Personal details
- Born: 11 March 1953 Arin, Bandipore, Jammu and Kashmir
- Died: 4 November 1998 (aged 45) Arin, Bandipore, Jammu and Kashmir
- Other political affiliations: Jamaat-e-Islami, Al Barq, Muslim United Front (MUF), Student Islamic Organisation (SIO), Islamic Students League (ISL), Muslim Mutahida Mahaz (MMM), Jammu and Kashmir Liberation Front (JKLF)
- Education: Ph.D. in Iqbalism from Jawaharlal Nehru University
- Occupation: Diplomat, Scholar, Editor

= Ghulam Qadir Wani =

Kashmiri scholar and diplomat

Ghulam Qadir Wani (11 March 1953 – 4 November 1998) was a Kashmiri scholar, diplomat and co-founder of Muslim United Front, He was also described as "the top Jamaat-e-Islami ideologue".

==Early life==
Wani was born in a middle-class family in Arin in north Kashmir's township of Bandipore. He was a product of Jamaat-e-Islami. As early as 8th grade he wrote an article in Srinagar Times about feudalism brought him to the attention of the group. He pursued a master's degree in English from Kashmir University and later completed a doctorate on Iqbalism from Jawahar Lal Nehru University, Delhi.

Wani spent six months in 1973 in the Bagh-e-Mehtab Interrogation Centre, working against the Indira Shiekh Accord that was underway through Beg Parthasthi dialogue. In 1982 Shiekh Abdullah offered him a berth in the state Cabinet as Education minister, but he declined.

==Career==
Wani fought on both the political and military fronts. He had also joined Al Barq. During his political career he held positions in various organisations of the resistance front.

He edited Jamaat's journal for several years after he completing his doctorate. He remained editor in chief of Daily Uqaab. On 23 March 1986 (Pak Day) he wrote an article that received so much viewership that Uqaab was sold in black at 59 Rs per copy.

He was closely associated with Muslim United Front (MUF) and was among the pioneers of Student Islamic Organisation (SIO) and acted in the capacity of district president. He was the founder patron of Islamic Students League (ISL) and General Secretary of Muslim Mutahida Mahaz (MMM) that he founded with Qazi Nisar who opposed Farooq Abdullah in 1986 state Assembly elections.

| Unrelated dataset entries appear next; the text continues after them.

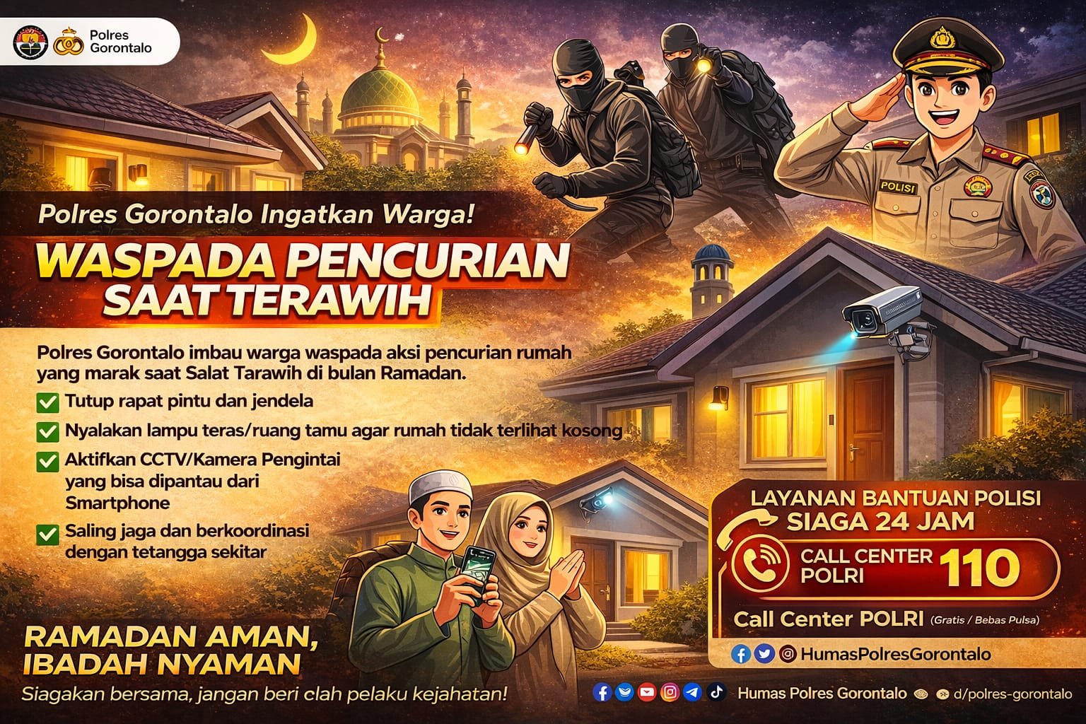 Mengantisipasi potensi pencurian rumah saat warga menjalankan ibadah, Polres Gorontalo mengeluarkan imbauan kewaspadaan kepada masyarakat.
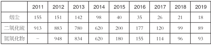 表5-8 2011~2019年电力行业排放总量情况(单位:万吨)
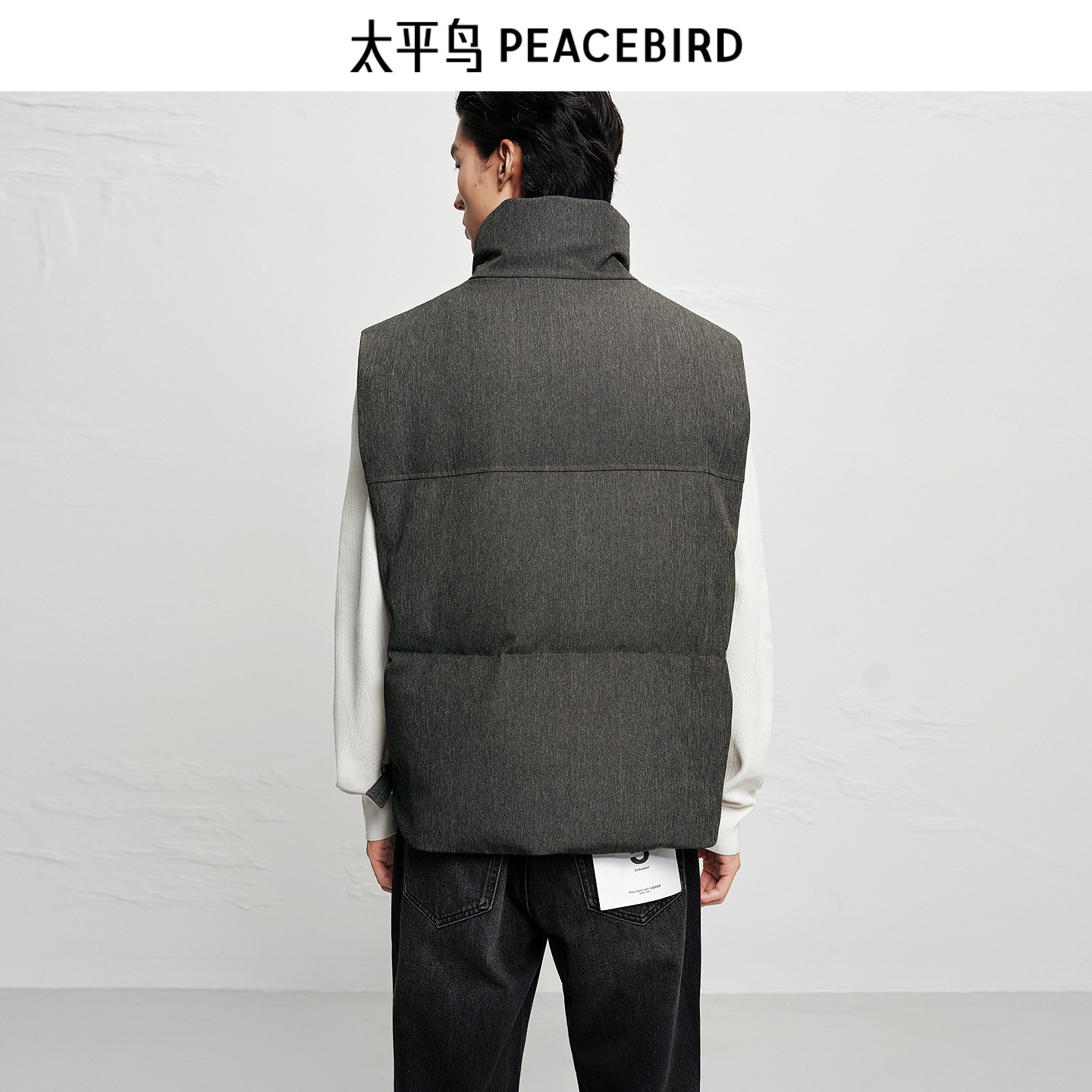 【商场同款】太平鸟男装立领羽绒马甲新款90白鸭绒背心B1AGF4B23
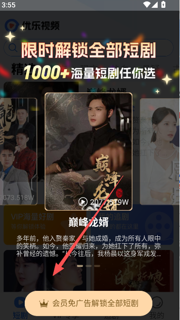2、点击标题菜单页的会员免广告解锁全部短剧选项,继续进行下一步的操作。
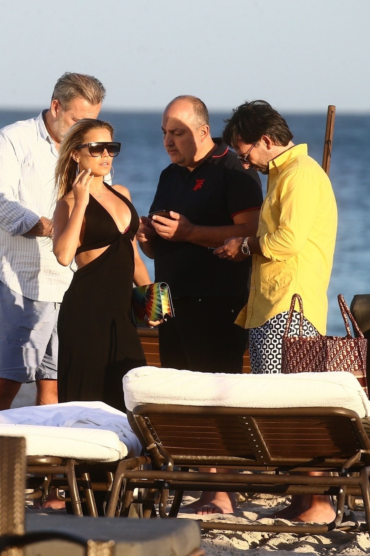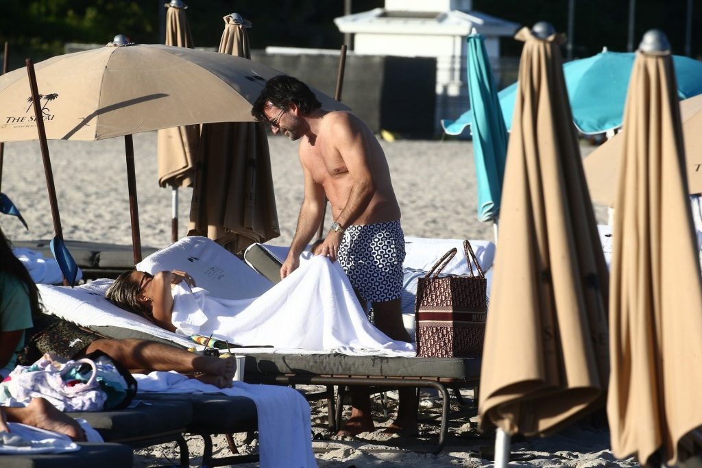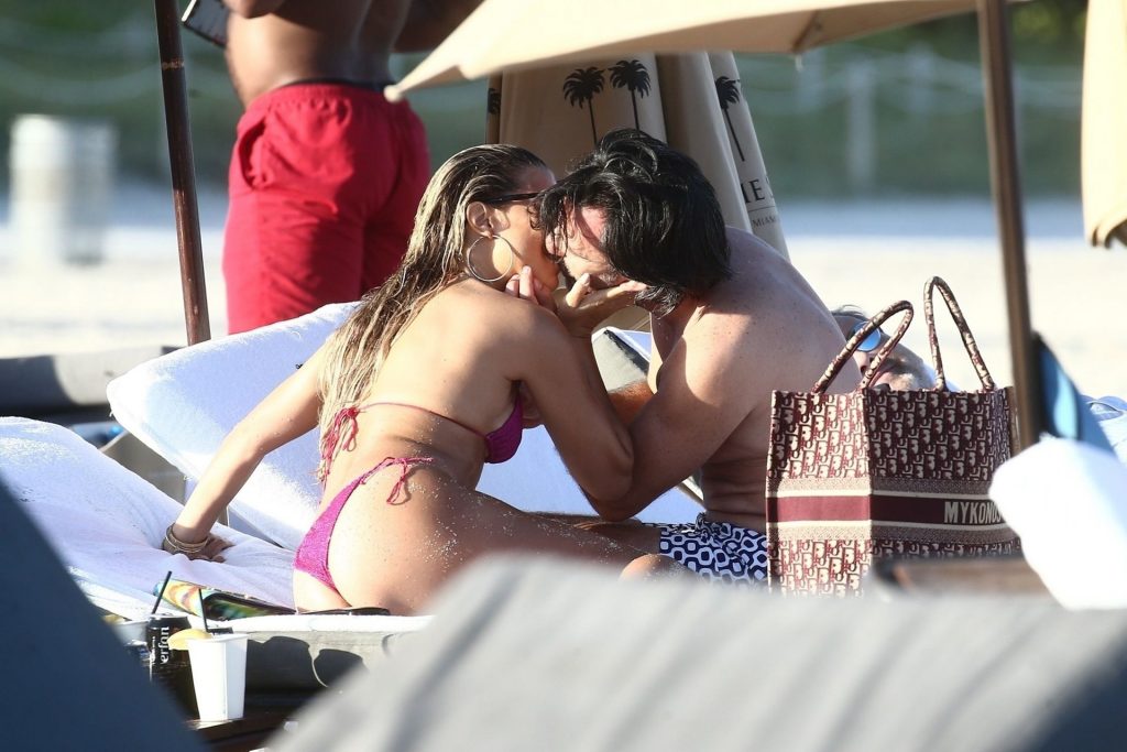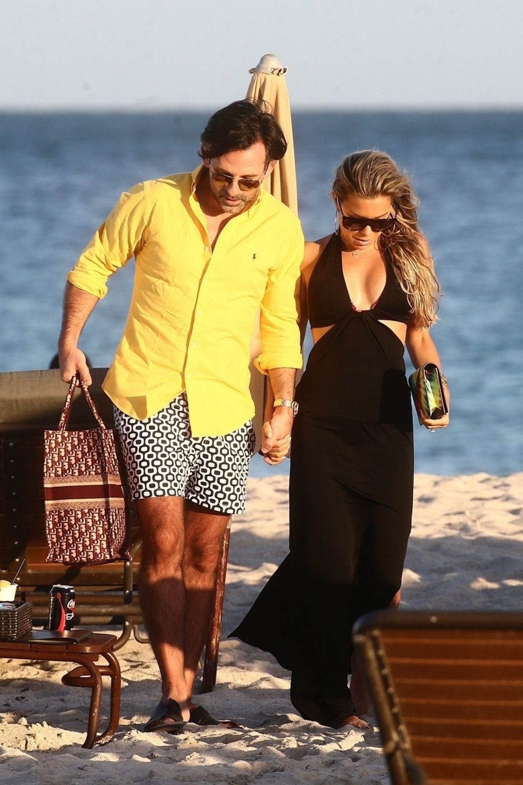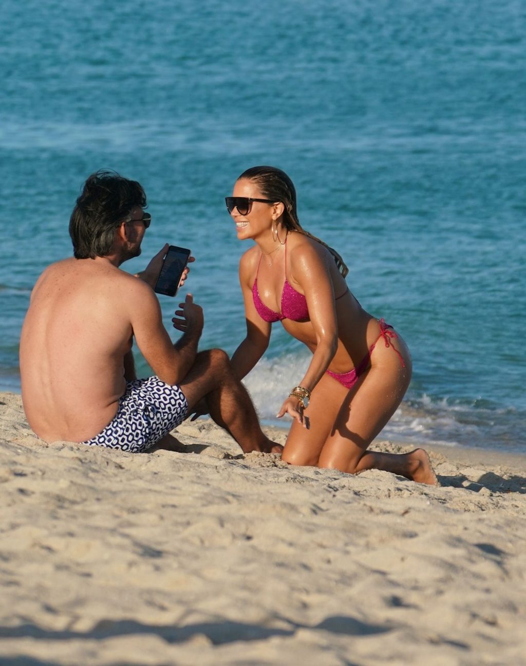 Sylvie Meis, 41, fue fotografiada con un bikini morado en la playa de Miami Beach, 12/02/2019. Sylvie se dio un baño en el océano con su prometido y disfrutó del sol en las playas de Miami.

In 1988 he joined Jklf as its publicity Secretary. He wrote the group's constitution. Before that the commander in chief of Jklf Ammanullah Khan group in Kashmir Bashart Raza, Nisar Telbali and dozens of colleagues were attached to him. After the arrest of Yaseen Malik he rejoined ISL and has led ISL since 1992 in AJK.

In 1995 visited Bradford, UK for a meeting using a Pakistani passport. Later that year he returned home, he was said to have displayed disillusionment with many aspects of the movement and decided to stay away from politics.

==Death==
On the evening of 4 November 1998 Ikhwan pro-India militia-affiliated gunmen barged into his house in Arin Bandipora and opened fire at close range. Wani's niece was killed instantly, while the leader succumbed to his injuries on the way to the hospital. His daughter and a servant were injured in the incident.